Radical Islamist political and terrorist group. In June 2014 it proclaimed a worldwide caliphate. It adheres to an extreme interpretation of Sunni Islam and seeks, through jihad (holy war), to establish an Islamic state ruled by a caliph (a religious leader) under the strict interpretation of Sharia (Islamic law). It capitalized on civil wars and failed central governments in Iraq and Syria to carve out substantial areas under its control. Originating in 2004 as al-Qaeda in Iraq (AQI), it was known from 2013 as the Islamic State in Iraq and the Levant (ISIS, or ISIL) and from June 2014 as Islamic State (IS). IS was so brutal that even al-Qaeda disowned it in 2014. Particularly barbarous were its beheadings of Western hostages, which it broadcast on the Internet, its massacres and forced conversions of Christians and Yazidis in northern Iraq, and its destruction of cultural heritage sites. Its Arabic-speaking detractors refer to IS as Daesh (an acronym of ISIL's Arabic name) since this resembles an Arabic word for one who crushes and sows discord. IS claims religious, political, and military authority over all Muslims worldwide, but mainstream Muslim groups reject this, viewing IS and its ideology as a perversion of Islam. By the summer of 2017, IS was militarily in retreat, losing control to Iraqi forces of the key city of Mosul in July 2017 and struggling to hold on to Raqqa, its stronghold in Syria. But IS-inspired activists remained across the world, carrying out terrorist bombings and killings.
IS ‘caliphate’ and support On 29 June 2014 IS declared a caliphate in the area it controlled in northern Iraq and Syria, covering 60,000 sq km and with 8 million people. In this area, it enforces its interpretation of sharia law. IS aims to create an even larger state, to ‘break the borders’ of Jordan and Lebanon, and ‘free Palestine’. From August 2014 the USA responded by launching airstrikes against IS targets, joined later by France and the UK (in Iraq) and, from September 2015, by Russia (in Syria). By autumn 2014 IS was well entrenched; it had 30,000 fighters, including 8,000 foreigners from Chechnya and Europe, and was the world's best funded militant group, with $2 billion in cash and assets. By autumn 2015 the US and other attacks on IS had some impact in pushing back the areas under its control in Iraq and Syria and killing more than 10,000 IS fighters. But IS was still believed to have between 20,000 and 30,000 fighters in Iraq and Syria and turned to conscription in some areas under its control. In autumn 2016 IS faced a concerted offensive by the Iraqi army, Kurdish and Shia militia aimed at taking back control of the city of Mosul, which IS had held since June 2014. IS lost control of Mosul to the Iraqi army in July 2017 and suffered significant losses of territory in Iraq and Syria in the following months.

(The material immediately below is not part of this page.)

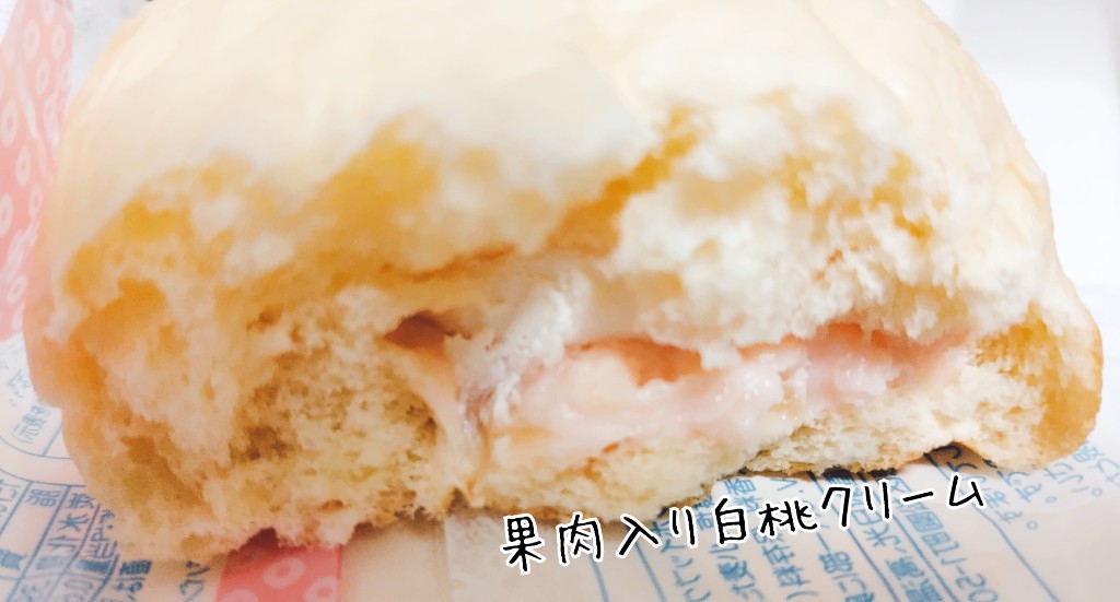 白桃果肉入りクリームのクリーム自体は甘くまろやかな優しい桃風味。

IS was believed to receive financial support from individuals in some Arab Gulf states and had become self-financing through the cash and bullion it looted from banks in conquered towns and from gas and oilfield revenues. It exerted influence beyond the areas it controlled in Iraq and Syria through IS affiliates in Afghanistan, Libya, and Nigeria (Boko Haram) and terrorist cells which have carried out killings and bombings in Europe (including the Paris attacks of November 2015, suicide bombings in Istanbul in January 2016, and in Brussels in March 2016, a truck attack in Nice in July 2016, and a van attack in Barcelona in August 2017); in Africa (in Tunis in March 2015 and near Sousse, Tunisia in June 2015); and in the Middle East (in Sana'a, Yemen in March 2015).
Leadership IS traced its roots to Abu Musab al-Zarqawi (1966–2006), a Jordanian militant Islamist who, a year after the 2003 US-led invasion of Iraq, set up AQI and pledged allegiance to Osama Bin Laden. AQI took part in the insurgency against Iraq's US-backed and predominantly Shia regime. Al-Zarqawi was killed by US forces in 2006. AQI merged with other Sunni Islam insurgent groups to form Islamic State of Iraq (ISI), but was severely weakened in 2007–08 by the US troop surge and opposition from Sunni tribesmen (the Sahwa, ‘awakening’). Abu Bakr al-Baghdadi became leader of ISI in 2010 and rebuilt its military capability. He took full advantage of the civil war that broke out in Syria in 2011 to establish a stronghold around Raqqa in northern Syria, controlling oilfields and agricultural land.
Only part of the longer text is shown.